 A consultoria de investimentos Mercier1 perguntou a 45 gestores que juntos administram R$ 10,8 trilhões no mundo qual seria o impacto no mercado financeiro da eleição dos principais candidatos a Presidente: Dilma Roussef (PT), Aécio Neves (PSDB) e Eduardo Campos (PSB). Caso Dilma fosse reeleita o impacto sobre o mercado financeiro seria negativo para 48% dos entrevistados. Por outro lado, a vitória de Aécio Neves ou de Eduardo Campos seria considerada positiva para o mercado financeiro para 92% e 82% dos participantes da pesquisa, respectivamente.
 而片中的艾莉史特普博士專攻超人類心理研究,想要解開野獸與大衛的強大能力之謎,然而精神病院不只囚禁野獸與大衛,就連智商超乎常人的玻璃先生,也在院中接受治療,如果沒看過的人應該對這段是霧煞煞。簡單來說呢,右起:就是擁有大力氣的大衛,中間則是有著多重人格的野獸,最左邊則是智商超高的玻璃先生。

##############################

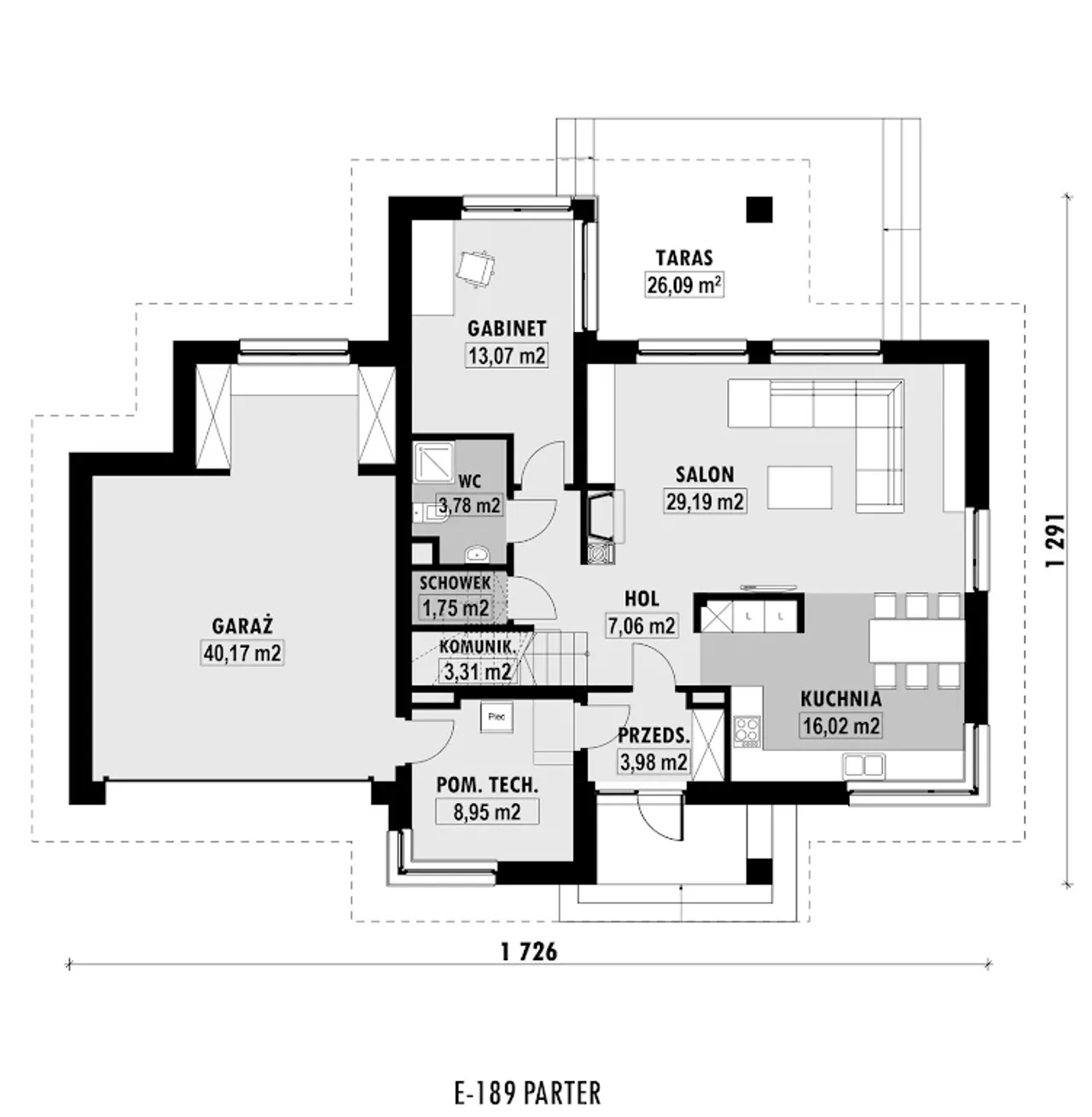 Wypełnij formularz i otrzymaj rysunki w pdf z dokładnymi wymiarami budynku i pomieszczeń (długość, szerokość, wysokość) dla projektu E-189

##############################

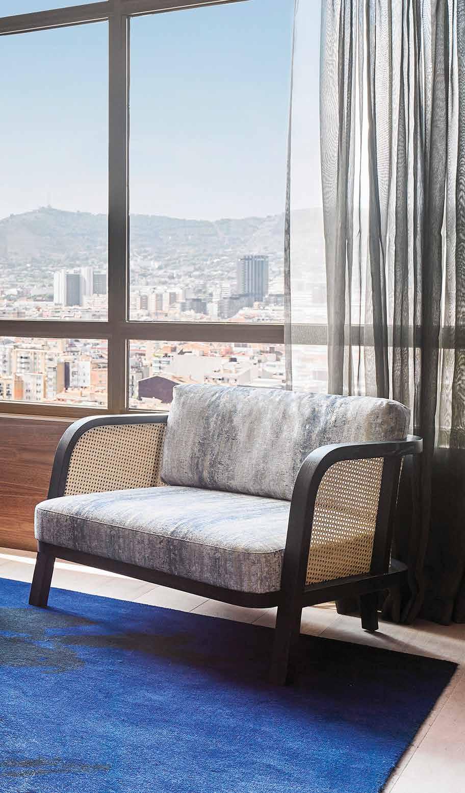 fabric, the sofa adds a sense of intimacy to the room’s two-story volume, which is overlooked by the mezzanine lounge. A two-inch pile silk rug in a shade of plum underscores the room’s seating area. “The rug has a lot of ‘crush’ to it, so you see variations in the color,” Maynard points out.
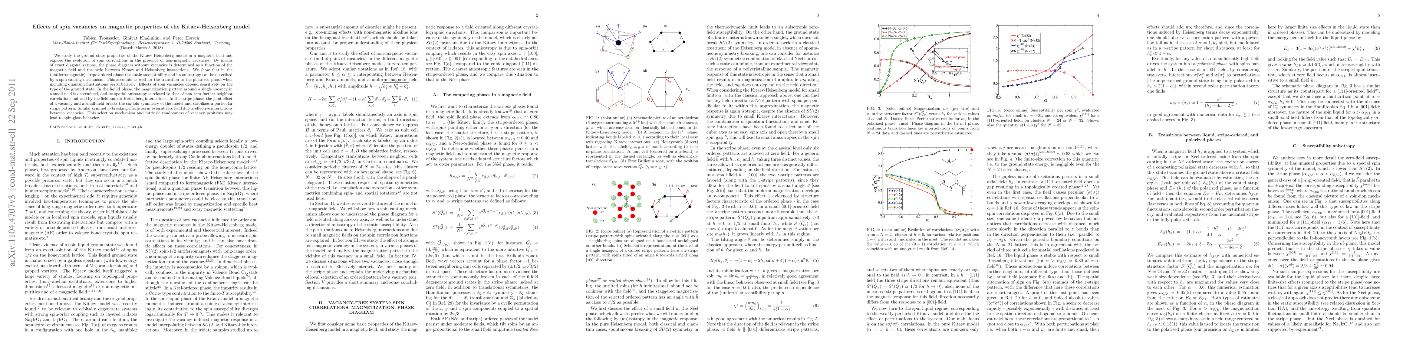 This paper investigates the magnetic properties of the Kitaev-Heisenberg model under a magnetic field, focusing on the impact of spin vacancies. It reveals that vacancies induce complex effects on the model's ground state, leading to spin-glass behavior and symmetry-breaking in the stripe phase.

##############################

**WORK ORDER:** Above is a listing; print exactly its lines from the one with "A consultoria de" through the one with "而片中的艾莉史特普博士專攻超", and no other lines.

**EXERCISE RESULT:**
 A consultoria de investimentos Mercier1 perguntou a 45 gestores que juntos administram R$ 10,8 trilhões no mundo qual seria o impacto no mercado financeiro da eleição dos principais candidatos a Presidente: Dilma Roussef (PT), Aécio Neves (PSDB) e Eduardo Campos (PSB). Caso Dilma fosse reeleita o impacto sobre o mercado financeiro seria negativo para 48% dos entrevistados. Por outro lado, a vitória de Aécio Neves ou de Eduardo Campos seria considerada positiva para o mercado financeiro para 92% e 82% dos participantes da pesquisa, respectivamente.
 而片中的艾莉史特普博士專攻超人類心理研究,想要解開野獸與大衛的強大能力之謎,然而精神病院不只囚禁野獸與大衛,就連智商超乎常人的玻璃先生,也在院中接受治療,如果沒看過的人應該對這段是霧煞煞。簡單來說呢,右起:就是擁有大力氣的大衛,中間則是有著多重人格的野獸,最左邊則是智商超高的玻璃先生。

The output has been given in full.